What was she to do, now this was decided?
‘I should finish that report for Starbase Bravo Security,’ she decided. ‘I don’t expect it’ll help them if T’Sann is long gone, but I can at least speak to his motives.’
‘He’ll be found,’ Rhade said seriously, and extended a hand. ‘Good night, Rosara.’
It was more than a brief farewell, she realised, and let him take her hand, bow, and kiss it. ‘Good night, Adamant.’ Her throat tightened. ‘Thank you.’
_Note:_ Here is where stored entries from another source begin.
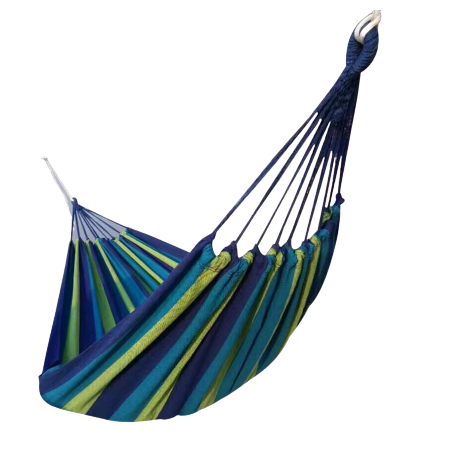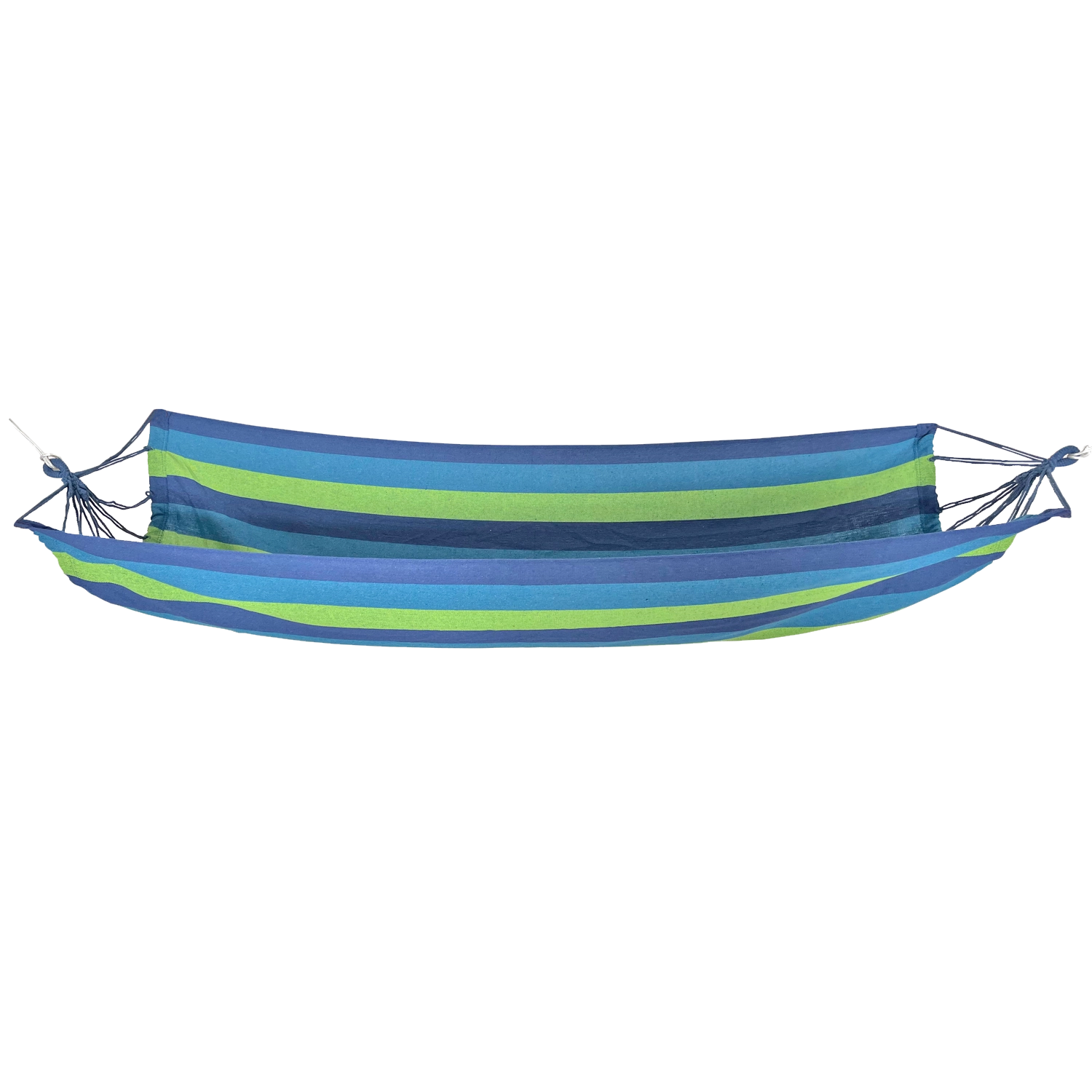 De ruime en comfortabele hangmat is gemaakt van een mix van polyester en katoen, die zacht aanvoelt, goed ademt en tegelijk vormvast blijft. De blauwe strepen geven elke ruimte een vakantiesfeer.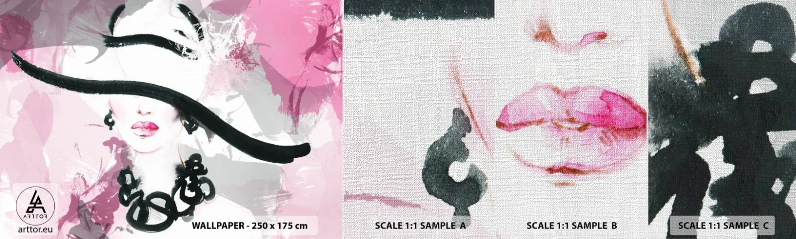 Mostră tapet Premium Canvas - Studiu unei dame în negru și roz - Femeie, Chipul de femeie, Abstracția - 100x30 cm
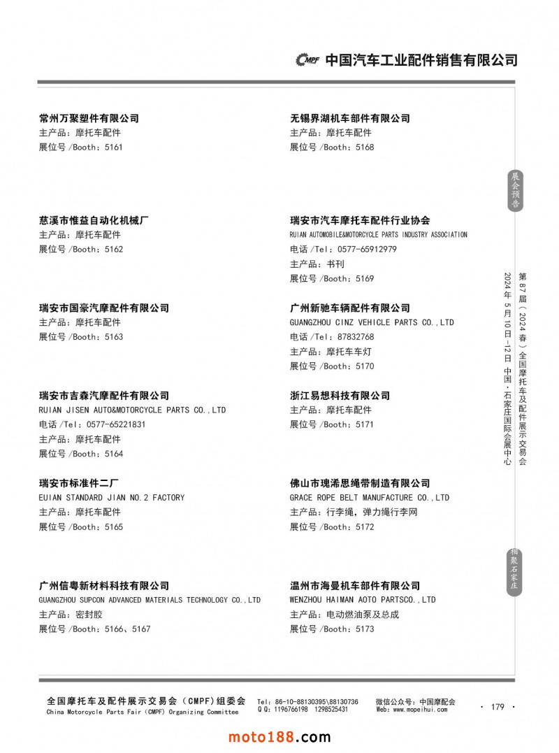 第86屆(2023秋)全國摩托車及配件展示交易會-廣州站參展企業(yè)信息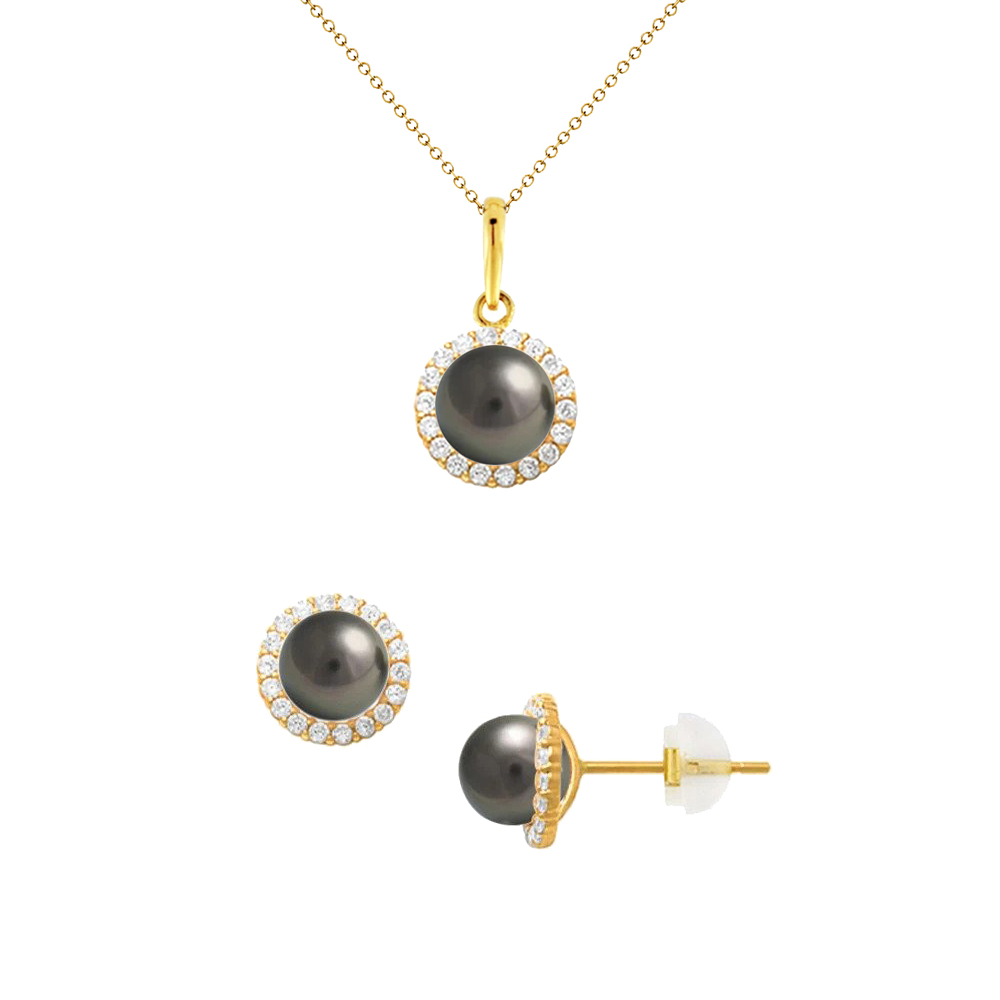 Σετ Κ14 χρυσό μενταγιόν και σκουλαρίκια με μαύρα μαργαριτάρια και ζιργκόν - S124533B

At last he smiled, and it was a much easier, brighter expression than she might have expected under the circumstances. ‘Thank you for letting our lives intertwine as they have, if only for a time. I wish you every happiness.’
‘And you.’
Rosara Thawn did not have much experience of break-ups. She had never allowed herself anything deep, because forever had Adamant Rhade hung like a shadow over her future, keeping Academy boyfriends, starship flirtations, casual in a way that did not come naturally to her in the first place. Relationships had been stumbling and ill-fitting, forbidden from becoming something that might give her true happiness. And they had all ended up either a rushing emptiness or a cocktail of pain and guilt.
And they had never before ended with her heading down a corridor and wanting to skip.